大腸がんは年間約13万人が発症、約5万人が死亡する日本人に一番多いがんだ。大腸がんが恐ろしいのは再発率が高いからだが、国立がん研究センターが再発の原因となる「がん幹細胞」の働きを抑える物質を作製に成功し、医学誌「ネイチャー・コミュニケーションズ」(電子版)の2016年8月26日号に発表した。

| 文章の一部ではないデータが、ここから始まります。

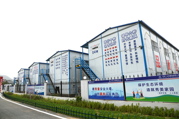 該項(xiàng)目部從完工的杭甬項(xiàng)目調(diào)集一批集裝箱、空調(diào)外,購(gòu)置了嶄新的4棟兩層、2棟1層活動(dòng)房和幾十臺(tái)空調(diào),累計(jì)149間房屋和138臺(tái)空調(diào)用于工人宿舍、食堂。同時(shí)對(duì)駐地房前屋后包括院子進(jìn)行了硬化,還設(shè)有洗衣房、洗漱間、晾衣棚、澡堂、電動(dòng)車(chē)充電處、水沖式衛(wèi)生間。其次統(tǒng)一購(gòu)置了食堂飯桌和凳子,宿舍多數(shù)為單人床,床上被褥、床單由施工隊(duì)配發(fā),設(shè)施齊全,許多工人覺(jué)得比自己家里條件還好。此外有專(zhuān)人打掃公共場(chǎng)所衛(wèi)生,保持社區(qū)公共場(chǎng)所干凈清潔。
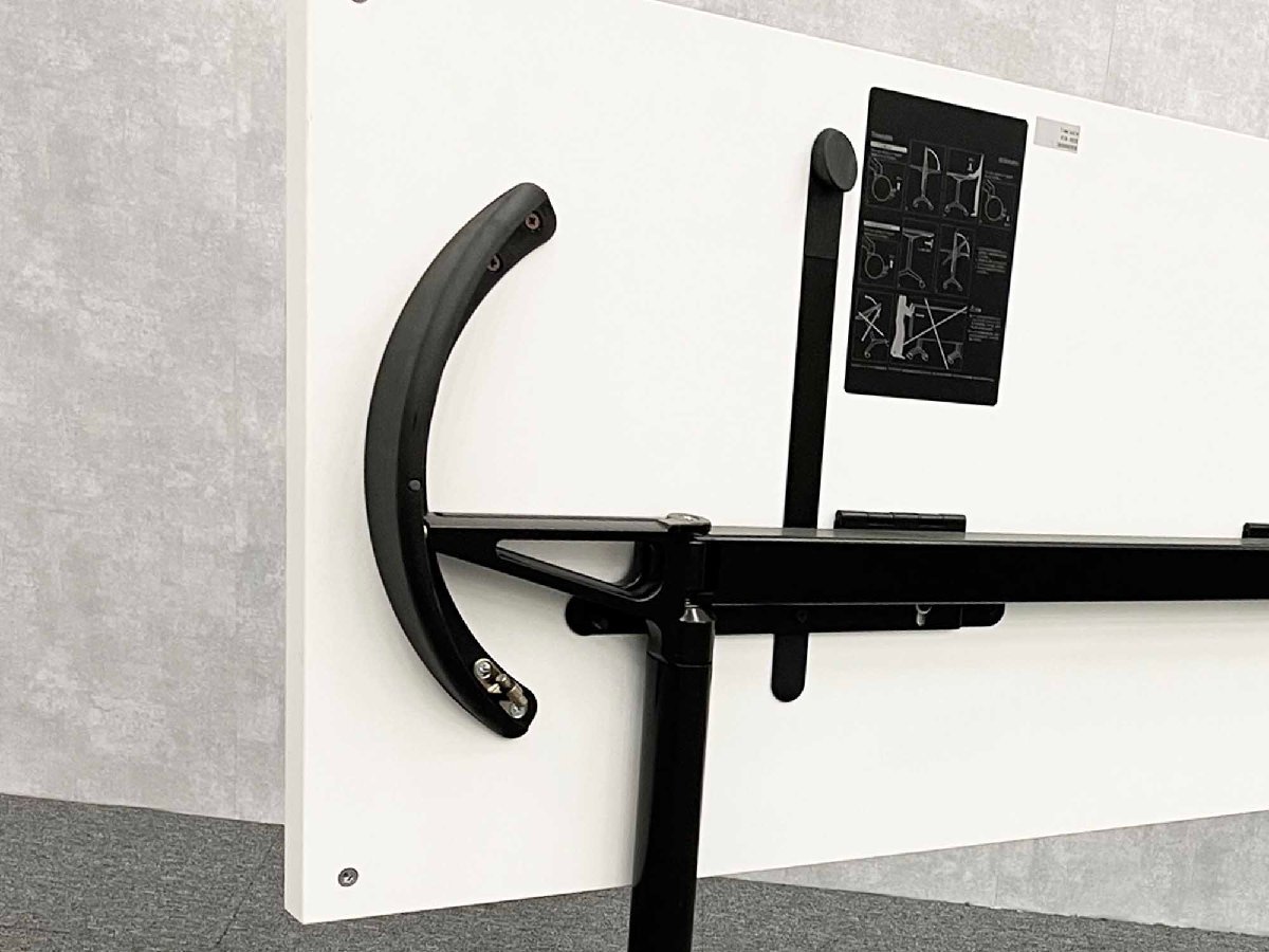 テーブルトップ下にある左右のレバーを手前に引きながら持ち上げるとロックが外れ、テーブルトップが90°回転して垂直になります。

大腸がんの新たな治療薬として数年後の実用化を目指す。

がん幹細胞は「がんの親玉」といわれる細胞だ。通常のがん細胞は抗がん剤で縮小することができるが、がん幹細胞はポンプのようなタンパク質を持ち、抗がん剤を投与しても薬剤を細胞の外に排出してしまう。しかも冬眠したような状態で長期間潜み続けることができる。大腸がんは、再発・転移した場合の5年生存率が約15%と低いのは、従来の抗がん剤ではがん幹細胞を根絶することが難しく、生き残ってしまうからだ。

このがん幹細胞の発生には特定の酵素が作用することがわかっていた。研究チームは、この酵素の働きを阻止する新しい化合物の作製に成功、人間の大腸がんの細胞を移植したマウスに化合物を飲ませたところ、高い確率でがん幹細胞の増殖を抑えられた。